METHODS: A self-administered online questionnaire, constructed of two parts, was delivered to students of the United Arab Emirates University. The first part of the questionnaire assessed the mental state of the participants using the 12 item General Health Questionnaire (GHQ-12), while the second part contained questions investigating the participants’ awareness and attitudes towards mental care apps. Students were invited to fill out the online questionnaire via social media and mailing lists.

RESULTS: A total of 154 students participated in the survey, with the majority being females. Results of the GHQ-12 analysis showed that the students were experiencing psychological issues related to depression and anxiety, as well as social dysfunction. Results also revealed a lack of awareness of mental care apps, and uncertainty to use such apps. Third of the participants (28.6% (44/154)) suggested a list of preferred functionalities and characteristics, which they would like to find in mobile mental care apps, such as: affordable price, simple design, ease of use, online therapy, communication with others experiencing same issues, and tracking mental status.

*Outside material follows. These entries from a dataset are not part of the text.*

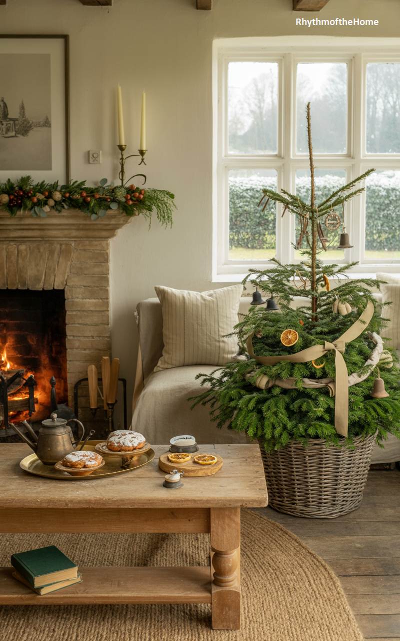 Stepping into this room feels like embracing the warm heart of an English cottage Christmas. A rustic, sparsely branched Christmas tree, nestled in a wicker basket, is adorned with simple, natural ornaments like dried orange slices and bells. A fire crackles cheerfully in the stone fireplace, its mantelpiece decorated with a lovely garland of greenery and berries. On the rough-hewn wooden coffee table, a silver teapot and freshly baked cakes await, promising a delightful afternoon treat. This scene is a perfect blend of rustic simplicity, cozy comfort, and the timeless traditions of the holiday season.
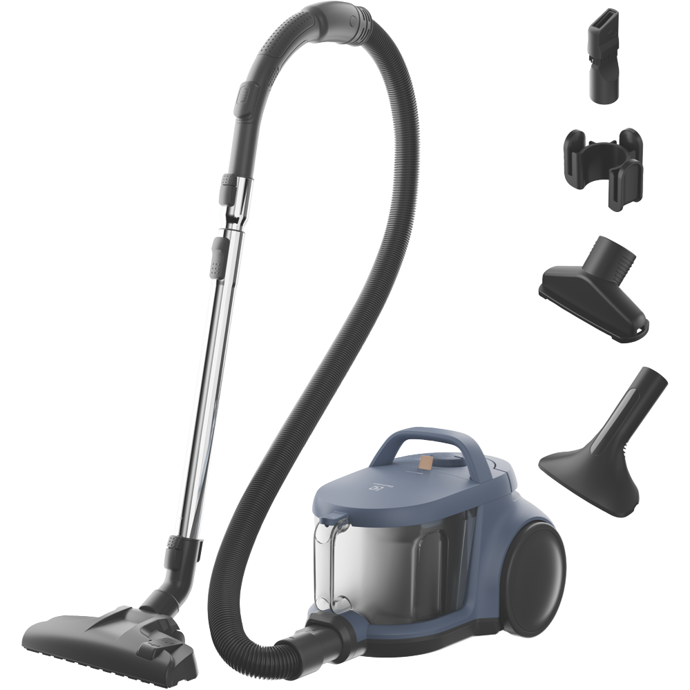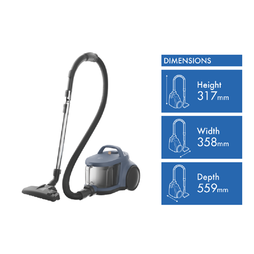 Keep your home spotless with this 500 Series Barrel Vacuum in stylish Denim Blue. Designed for all floors and upholstery it's especially effective for pet owners capturing up to 98.9% of microdust particles larger than 1.0 microns. The bagless design features a generous 2L bin capacity so you can clean longer without interruptions. Running on standard 220-240V power with an 86 decibel output this vacuum provides thorough cleaning performance across your home. Comes with a 1 Year Manufacturer's Warranty. Model EFC52513DB.
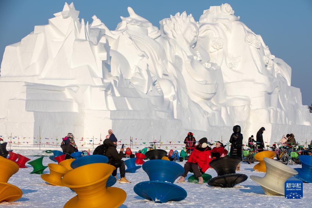 当日,许多市民和游客来到第35届哈尔滨太阳岛国际雪雕艺术博览会园区游玩,欢度元旦假期。
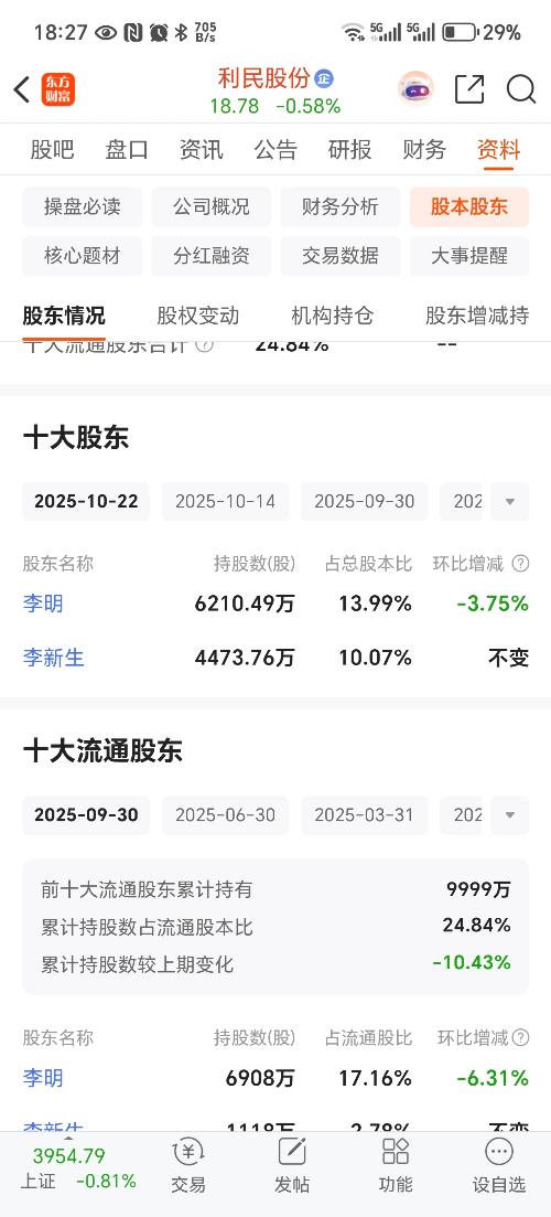 $利民股份(SZ002734)$ 这李明从20%减到13%
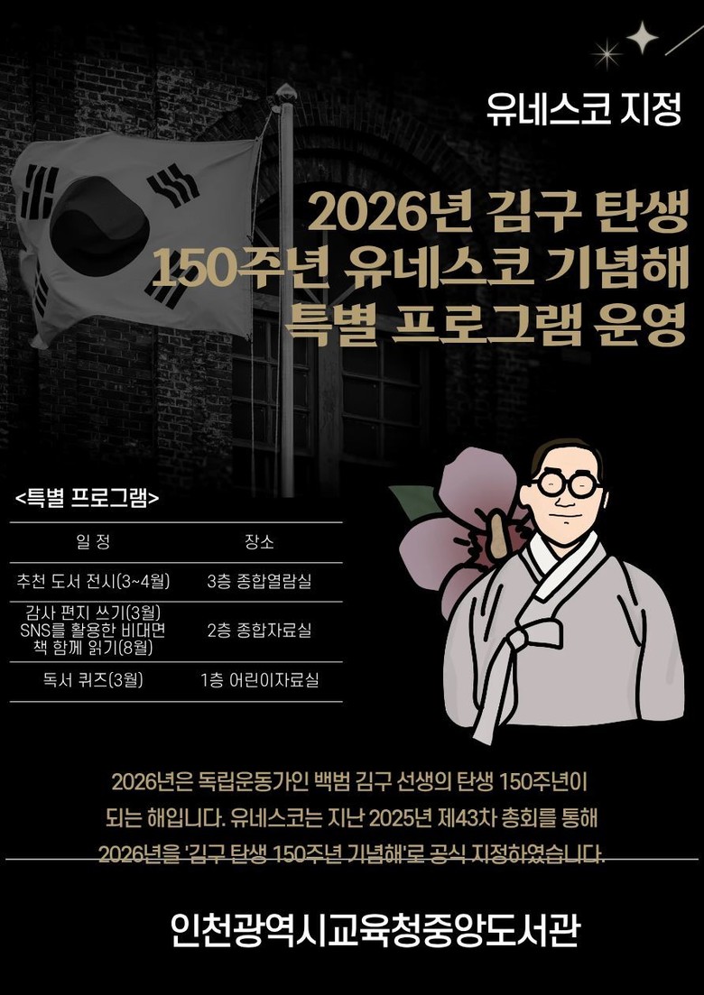 이번 행사는 백범 김구 선생과 관련한 ‘도서 전시’, ‘비대면 책 함께 읽기’, ‘어린이 독서 퀴즈’와 ‘김구 선생님께 감사 편지 쓰기’ 등으로 구성되어, 선생의 숭고한 생애와 애국정신을 시민이 일상 속에서 되새길 수 있도록 진행한다.
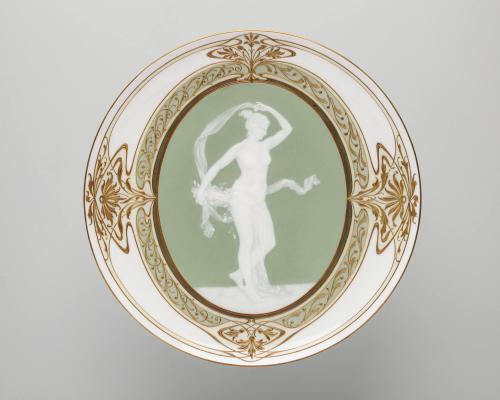 MediumPorcelain; White with gold and green decoration. In center, female figure in white pate-sur-pate on light green ground. Highly glazed.
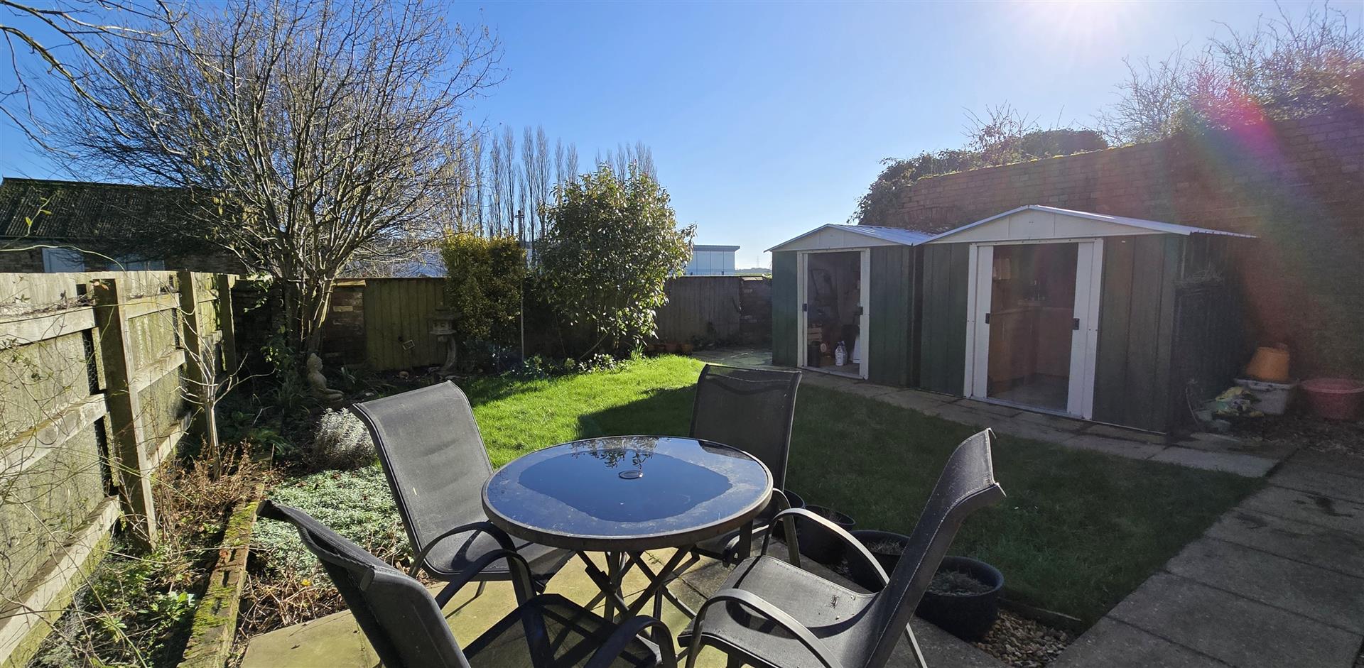 Externally, to the front of the property is a fully-enclosed lawned garden with a large summer house, ideal for relaxing or even use as a playhouse, whilst to the side of the property is a further lawned garden with borders and a patio over which an electric blind extends; an ideal spot to position outdoor furniture on which to relax and enjoy the field views. The side garden benefits from two metal storage sheds. To the rear of the property is off-road parking for 2 vehicles.
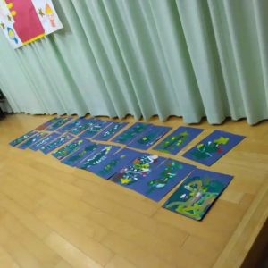 舞台の上には、年長さんがクリスマスツリーをスケッチした作品が並んでいました。よく見て描いています。
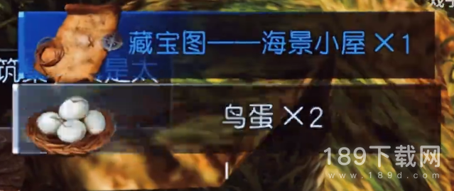 2、到达坐标位置之后,会看到一个树干,在树干的树洞里面有鸟蛋和一张藏宝图海景小屋,这样就可以获得海景小屋的藏宝图了;
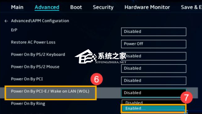 3. 将【Power On By PCI-E / Wake on LAN (WOL)】设置为【Enabled】。
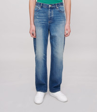 - Unisex piece. - High rise. - Very wide leg. - Button fly. - Caramel topstitching. - Silvertone rivets. Size Advice - Leo is 6'1 tall and is wearing size 30. Composition & Material - 100% cotton. - Made in Egypt. - Do not dry clean. - Machine wash cold (86°F) inside-out. - Gentle spin cycle. - Do not tumble dry. - The jeans may appear shrunken after washing but they return to their original shape when worn.
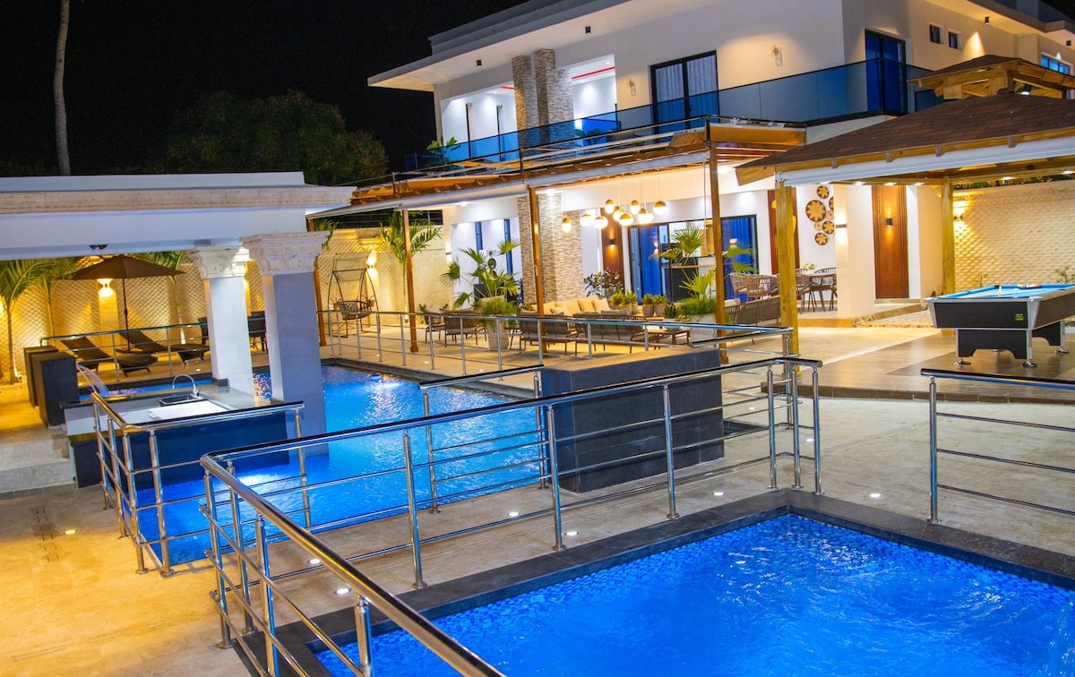 propriéda dentro de un jardin tropical frente a la playa ,con 8 habitaciones con baño privado aire condicionado abanico 2 piscinas agua dulce y sala en una zona résidencial espacio con BBQ y horno cocina equipada y cocina al bar con neveras freezers ,désayuno incluido ,planta y inversores ,parquéo privado vigilado con camera playa salvaje acceso directo wifi con CLARO y ALTICE télévisions en sala SKY y CLARO
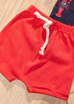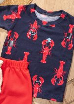 Conjunto Infantil Estampa Lagosta. A camiseta com estampa de lagosta é confeccionada em malha 100% algodão, com um toque suave e confortável, e a bermuda é confeccionada em malha com elástico e cordão falso de detalhe.
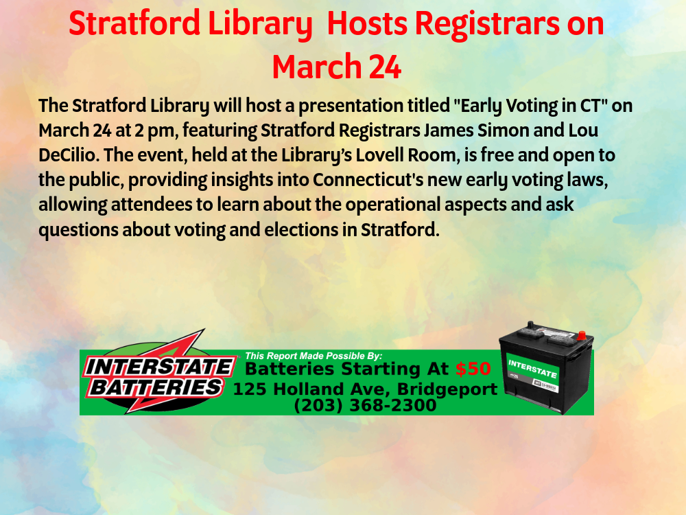 The Stratford Library will host Stratford Registrars James Simon and Lou DeCilio and their presentation, “Early Voting in CT” on Sunday, March 24 at 2 pm. The talk will be presented live in the Library’s Lovell Room. It is free and open to the public.

CONCLUSIONS: Like many groups of people around the world, university students in the United Arab Emirates were also psychologically affected by the lockdown due to the COVID-19 outbreak. Even though apps could be useful tools for mental care delivery, especially in circumstances like the ones produced by the outbreak, students showed a lack of awareness and mixed attitudes towards them. Improving digital health literacy of university student in the UAE by increasing their awareness of mental care apps and their treatment methods and benefits, as well as involving them in the co-creation process of such apps might encourage students to use them for their mental care.